Furthermore, the fund is up over 15% year-to-date:
A Repeat Performance in 2021 for ESG?
ESG has had a stellar year, rising above and beyond expectations in a rough 2020 year for the capital markets. Can ESG pull off a repeat performance in 2021?
“Environmental, social and governance investing is setting up for another big year,” a CNBC article said. “After an ‘extraordinary year’ in 2020, ESG-themed investments should continue their hot streak as interest in sustainable and socially responsible investing grows, MSCI’s Linda-Eling Lee told CNBC’s ‘ETF Edge’ on Monday.”
“We were not necessarily expecting this to be the year where ESG really takes off, but clearly it has attracted a lot of attention, both in terms of the companies and what they’re doing from an ESG perspective [and] certainly from a flows point of view,” said Lee, the global head of research for MSCI’s ESG Research group.
Lee mentioned climate change as one of the trends to watch in the new year.

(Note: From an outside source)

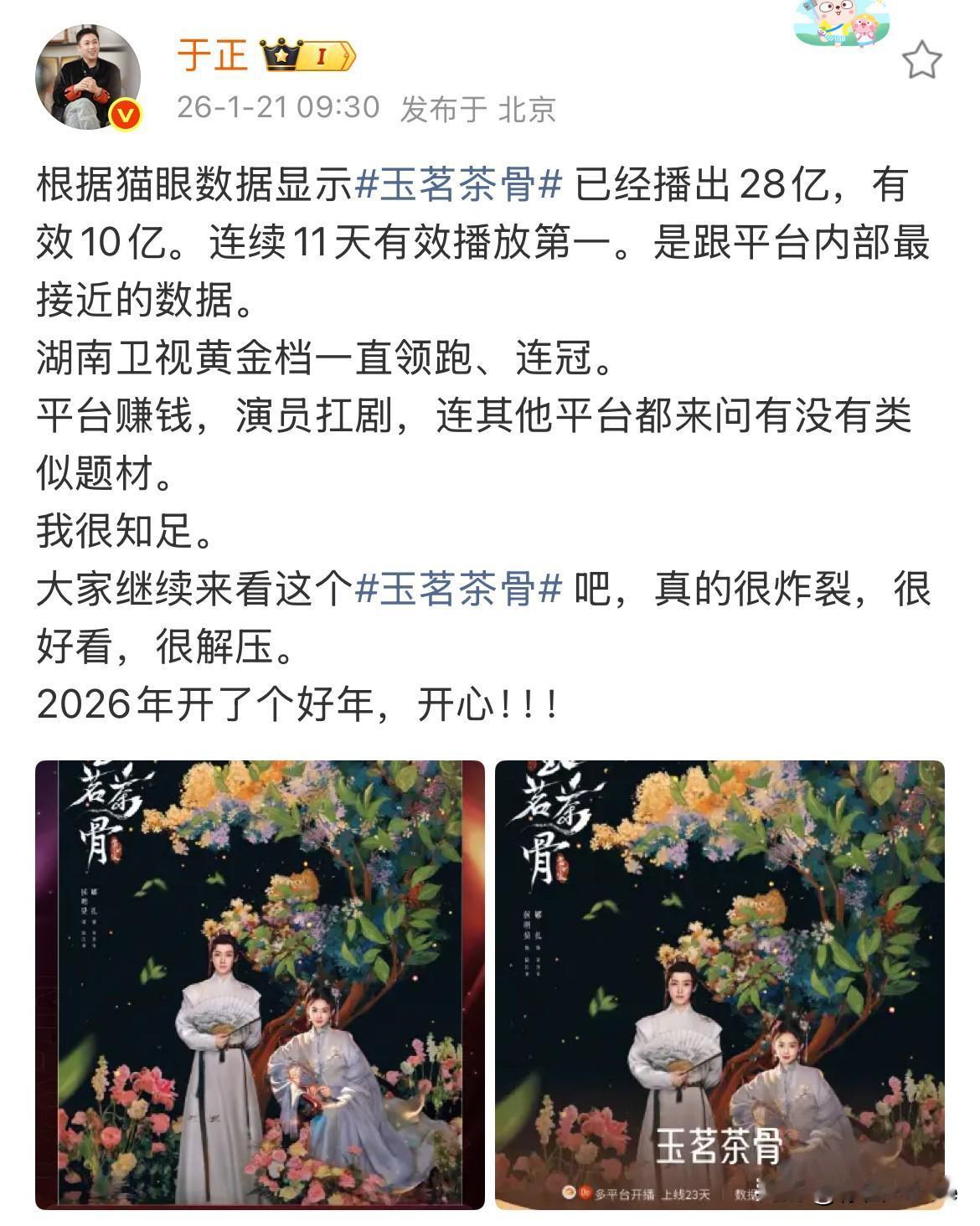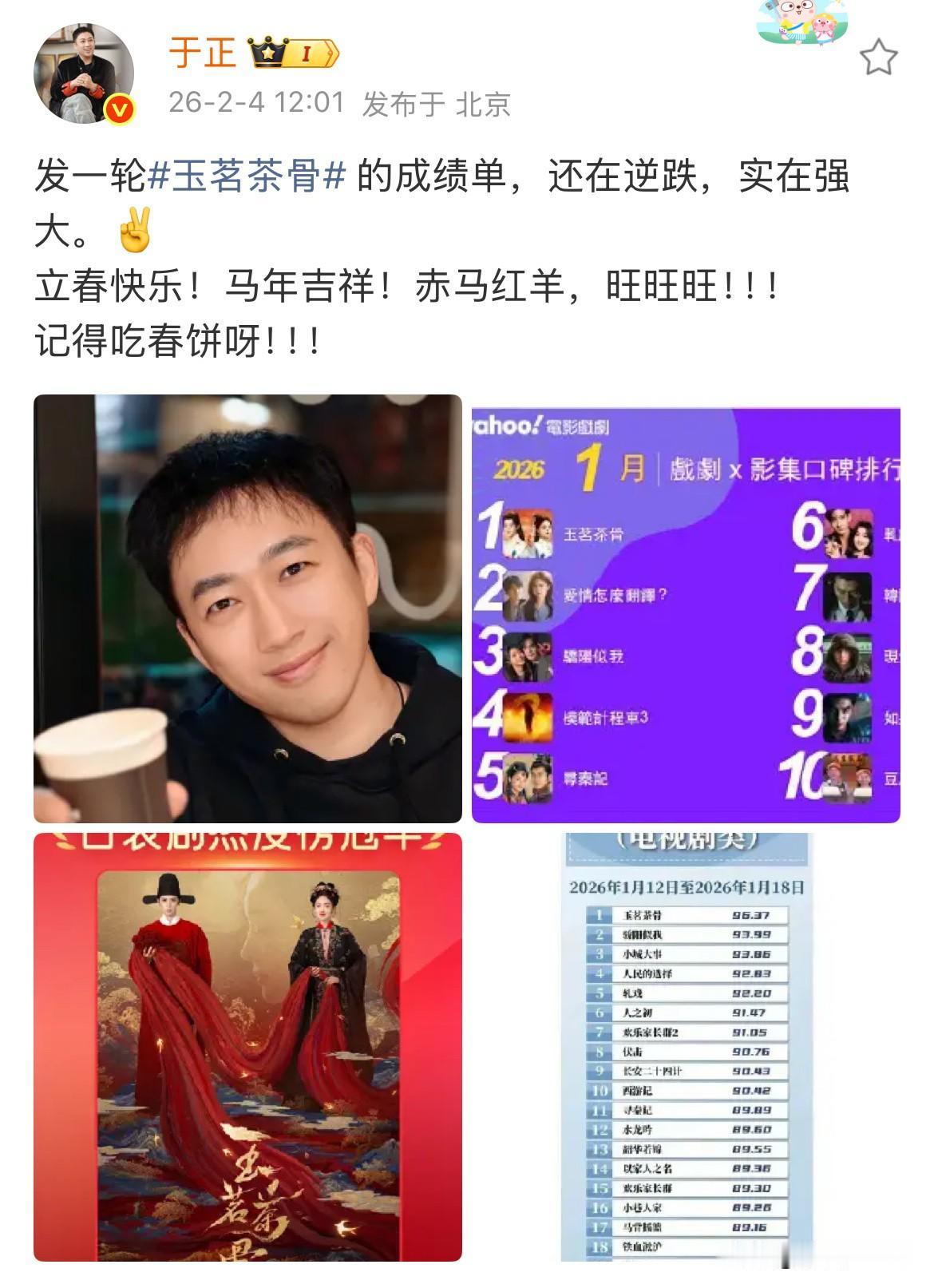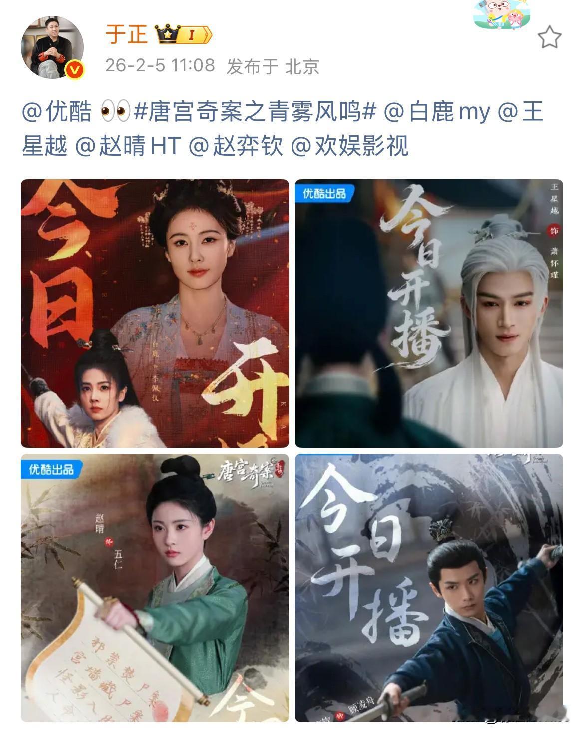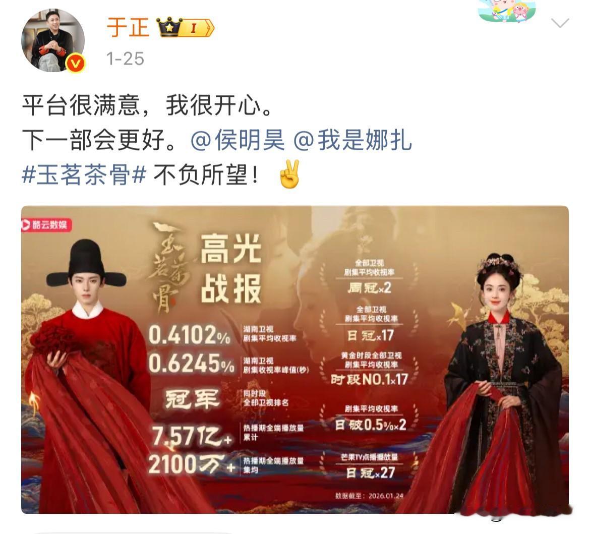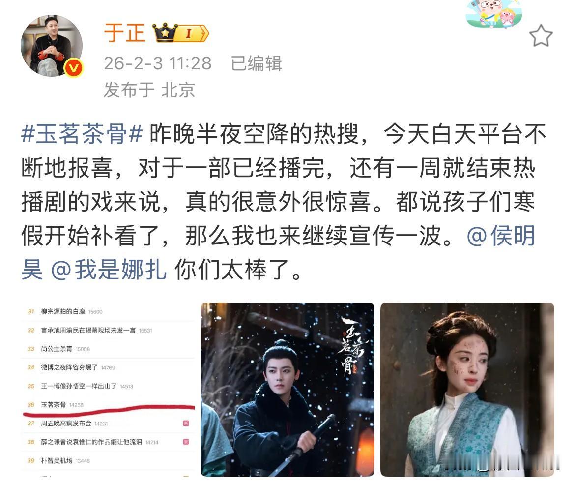 2月8日,于正对待内戏的不同态度 《玉茗茶骨》是真爱,《唐宫奇案》是意外 于正一家宣发都不给唐宫安排属实抠到家了,让人不由觉得好笑,他也是真能干出这事,玉茗茶骨配角一多半都是他的艺人,他天天安利天天发就不说了,安排的宣发也不少,轮到唐宫主演一多半都是他的艺人,就这么扔在哪里不管,指望鹿茸们投币往上冲,自己一毛不拔,也是算盘打的啪啪响! 通过于正对白鹿剧如此不上心抠门,非常怀疑,白鹿就是打算走了,于正没留住,索性就不管白鹿的剧了……不投入,全让鹿茸们为爱发电……于正

“Despite all the lockdowns that we’ve had this year, we’re still on track for a world that is going to be too warm to sustain life as we know it, according to climate science,” Lee said. “You’re going to see lots more investors really shifting capital towards less carbon-intensive assets.”
Big tech has been one of ESG’s biggest backers as companies like Microsoft, Google, and Amazon have hopped on board the ESG bandwagon. They also represent USSG’s largest holdings as of December 17:
Clean energy has been a prime focus for big tech in the ESG space as noted by an OilPrice.com article: “Over the past half-decade or so, tech giants Google, Amazon, Facebook, and Microsoft have been dominating clean energy procurement and are looking to continue being renewable energy’s biggest customers.”
As such, more capital investment into ESG by big tech will help USSG’s case.